Eismusik: eine logistische Herausforderung

Die Eisblöcke wurden extra aus dem Ruhrgebiet angeliefert, in Lübeck gelagert und schließlich in Kühltransportern nach Eutin gebracht. „Das war eine logistische Herausforderung“, sagt Mark Tietze von der Stiftung Neue Musik-Impulse, die den Eismusiker eingeladen hat. Denn sowohl der Transport der Eisklötze als auch die Sägen, die Isungset für das Schnitzen benötigt, mussten organisiert werden. „Terje Isungset ist ja mit dem Flugzeug angereist. Da ist es schwer eine Kettensäge mitzunehmen“, sagt Tietze lachend.
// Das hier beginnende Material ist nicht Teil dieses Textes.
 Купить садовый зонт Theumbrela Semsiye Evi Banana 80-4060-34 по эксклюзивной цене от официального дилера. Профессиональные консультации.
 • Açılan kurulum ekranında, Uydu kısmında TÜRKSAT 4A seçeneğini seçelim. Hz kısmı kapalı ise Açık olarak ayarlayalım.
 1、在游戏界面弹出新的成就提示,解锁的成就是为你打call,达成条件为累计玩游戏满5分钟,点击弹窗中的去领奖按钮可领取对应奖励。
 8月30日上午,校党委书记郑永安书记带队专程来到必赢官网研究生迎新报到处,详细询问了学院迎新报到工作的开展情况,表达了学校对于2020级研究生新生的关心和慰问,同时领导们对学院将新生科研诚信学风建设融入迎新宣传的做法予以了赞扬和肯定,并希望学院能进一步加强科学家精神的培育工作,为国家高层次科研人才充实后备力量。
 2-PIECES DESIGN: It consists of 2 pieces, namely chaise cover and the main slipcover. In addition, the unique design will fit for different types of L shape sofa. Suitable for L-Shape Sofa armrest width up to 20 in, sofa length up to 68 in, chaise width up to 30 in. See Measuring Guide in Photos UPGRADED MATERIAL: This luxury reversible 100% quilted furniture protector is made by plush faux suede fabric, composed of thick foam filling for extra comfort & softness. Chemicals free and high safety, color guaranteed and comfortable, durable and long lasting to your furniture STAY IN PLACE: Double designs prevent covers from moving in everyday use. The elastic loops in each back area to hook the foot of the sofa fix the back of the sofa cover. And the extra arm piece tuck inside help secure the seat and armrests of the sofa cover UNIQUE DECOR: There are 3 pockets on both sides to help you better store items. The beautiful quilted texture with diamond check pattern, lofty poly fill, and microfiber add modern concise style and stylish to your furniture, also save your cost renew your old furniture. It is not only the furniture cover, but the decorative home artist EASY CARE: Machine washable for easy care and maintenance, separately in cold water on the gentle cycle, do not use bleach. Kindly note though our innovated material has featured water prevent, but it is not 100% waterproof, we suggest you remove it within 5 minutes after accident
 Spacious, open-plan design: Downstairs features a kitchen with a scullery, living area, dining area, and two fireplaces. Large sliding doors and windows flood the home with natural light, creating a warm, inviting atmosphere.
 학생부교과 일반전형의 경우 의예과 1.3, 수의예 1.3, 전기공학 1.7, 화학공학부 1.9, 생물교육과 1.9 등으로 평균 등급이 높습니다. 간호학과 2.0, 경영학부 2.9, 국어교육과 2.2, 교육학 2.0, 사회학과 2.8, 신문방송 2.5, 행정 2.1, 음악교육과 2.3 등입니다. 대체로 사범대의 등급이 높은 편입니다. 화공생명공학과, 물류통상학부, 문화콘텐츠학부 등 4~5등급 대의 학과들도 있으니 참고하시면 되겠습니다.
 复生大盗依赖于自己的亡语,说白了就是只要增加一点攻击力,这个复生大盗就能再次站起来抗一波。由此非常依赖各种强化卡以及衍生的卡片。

Doch es hat sich gelohnt. Am Nachmittag sind alle Instrumente fertig. Auch die Trompete ist geklebt und bereit für ihren Einsatz am Abend. „Für mich ist das eine große Ehre, heute hier spielen zu dürfen“, sagt der Norweger.

Lichterstadt 2018

Die Eutiner Innenstadt wird wieder mit bunten Lichtern erleuchtet. In diesem Jahr erstrahlt die Lichterstadt unter dem Motto „Stern“. Kirchturm, Rathaus, Schloss und weitere Gebäude werden zusätzlich mit Sternen illuminiert. Neu in diesem Jahr: Lichtobjekte werden den Weg vom Marktplatz bis zur Stadtbucht schmücken. Täglich ab 16.30 Uhr werden die Installationen eingeschaltet. Die Eisbahn bleibt bis zum 6. Januar geöffnet.
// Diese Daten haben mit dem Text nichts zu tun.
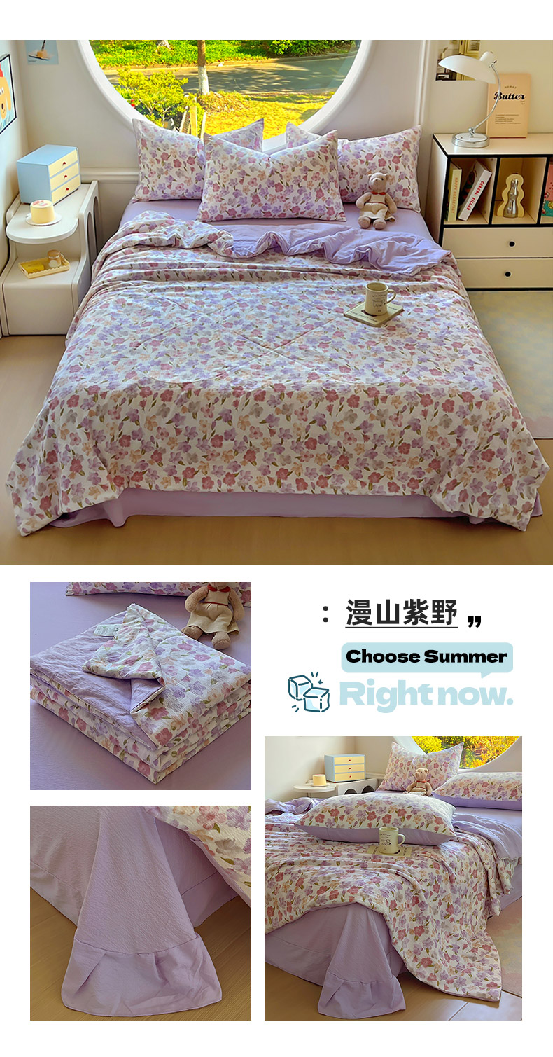 商品名称:金梦拉家纺 2025新款A类提花纱布双层纱夏被四件套 夏被-漫山紫野
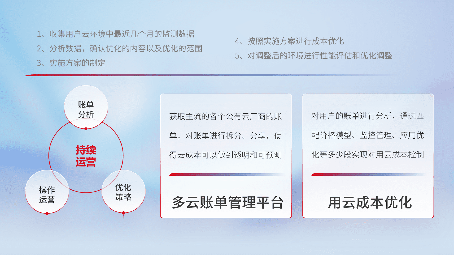 通过多云纳管,,,以统一的资源数据模型把客户的云资源进行抽象和封装,,进而实现对多云资源的统一操作,,,,保障云资源管理的可靠性、、稳定性与可用性。。。。量身定制化运维内容,,,,配置、、、、开发运维、、补丁管理、、备份、、、、监控、、认证和访问管理、、审计和日常巡检等,,,保障在用云过程中的可靠度,,,,稳定度以及高可用率。。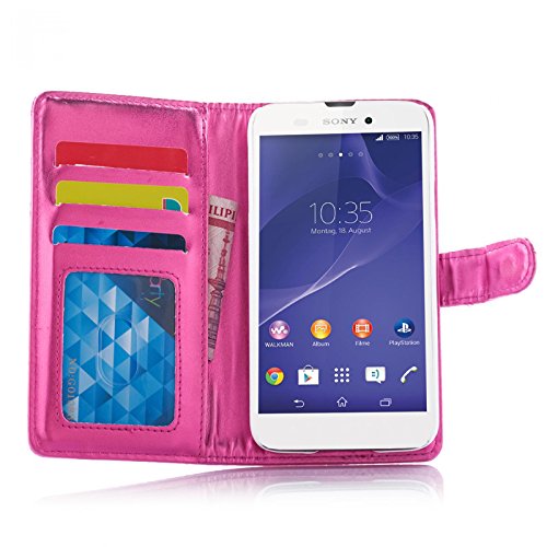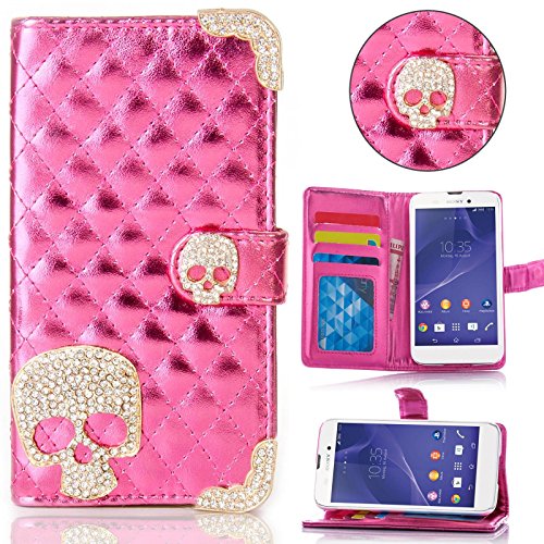 Book Style Design Custodia Karo Metallic porta biglietti da visita con funzione di strass Ornato Oro Bordi e strass teschi Flip Cover Custodia Rigida Pieghevole Custodia Modern Bag per Sony Xperia T3 in Pink
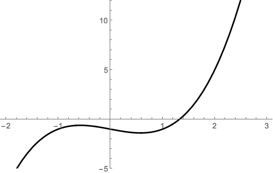 Let \(f(x) = x^3-x-1\). It’s evident from a graph that there’s one root.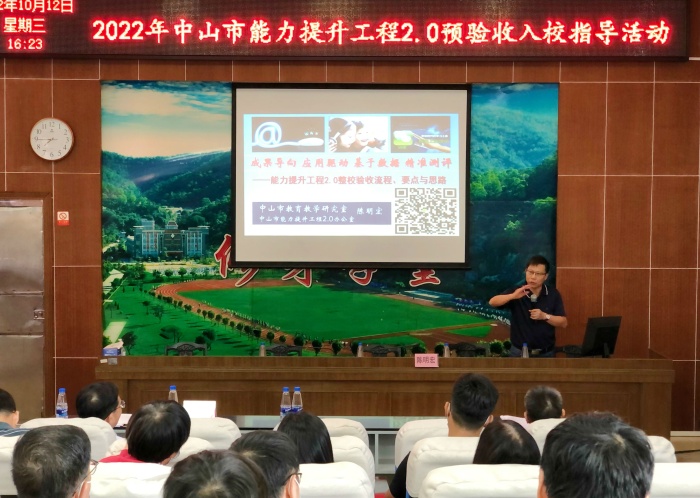 市能力提升工程2.0辦公室副主任陳明宏從整校驗(yàn)收流程、整校驗(yàn)收要點(diǎn)及整校驗(yàn)收思路上為與會(huì)人員作指導(dǎo),指導(dǎo)老師們通過(guò)對(duì)照《中山市績(jī)效考核指標(biāo)體系》進(jìn)行精準(zhǔn)測(cè)評(píng),為以后的驗(yàn)收考核工作作準(zhǔn)備。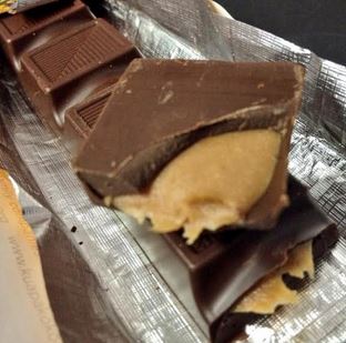 The flavour is typical Divine chocolate which I find quite pleasant. I snapped a piece off so you could see the thick caramel inside. I’ve often enjoyed a dark 70% bar and when I was low carbing I used it as my treat. The caramel is sweet with a balance of vanilla in it which, when combined with the dark chocolate is quite delicious. This isn’t meant to emulate some kind of short-shelf-life artisan chocolate caramel but rather offer an ethical, Fairtrade sweet treat for those who want something a bit yummy and a lot better for the world.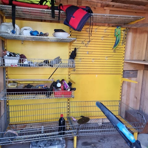 Coca-Cola ja Fazer myymäläkalusteet ja hyllyt. Kuvissa näkyy Coca-Cola-brändättyjä punaisia kalusteita, Fazer-brändätty sininen kaluste sekä harmaa metallinen hyllymoduuli. Lisäksi mukana on valkoisia seinäpaneeleja, joissa on useita metallisia ripustuskoukkuja tuotteiden esillepanoa varten. Kalusteet soveltuvat esimerkiksi kioskiin, kauppaan tai muuhun myymälätilaan tuotteiden esillepanoon ja säilytykseen. Paljon erillaista hylly kokonaisuutta. Hyllyjä on kaiken kaikkiaan 51+4varasto hyllyä. Sekä 2kpl kassa koneita. Nyt tarjous hintaan koko myymälä tyhjäks 1200e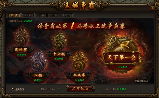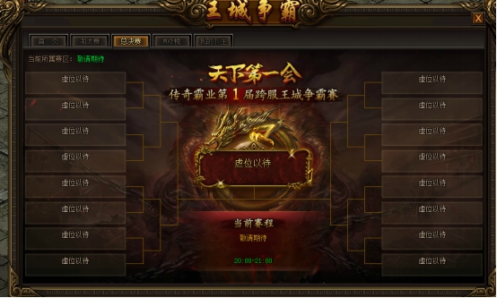 1.具有参赛资格的公会,比赛当天20:00可通过本服土城安全区的王城争霸NPC进入跨服土城,参与比赛;不具有参赛资格的公会无法进入;

Schließlich ist es so weit: Vor dem gespannten Publikum betritt Isungset die Eislaufbahn auf dem Eutiner Marktplatz. Es wird still. Ganz leise fängt der Musiker an, auf seiner Eistrommel zu spielen. Ein melodischer, weicher Klang schwebt von dem Instrument zum Publikum. Dann betritt auch Sängerin Maria Skranes die Eisfläche. Mit ihrer zarten Stimme ergänzt sie die Klänge des norwegischen Musikers vor der Kulisse des beleuchteten Rathauses.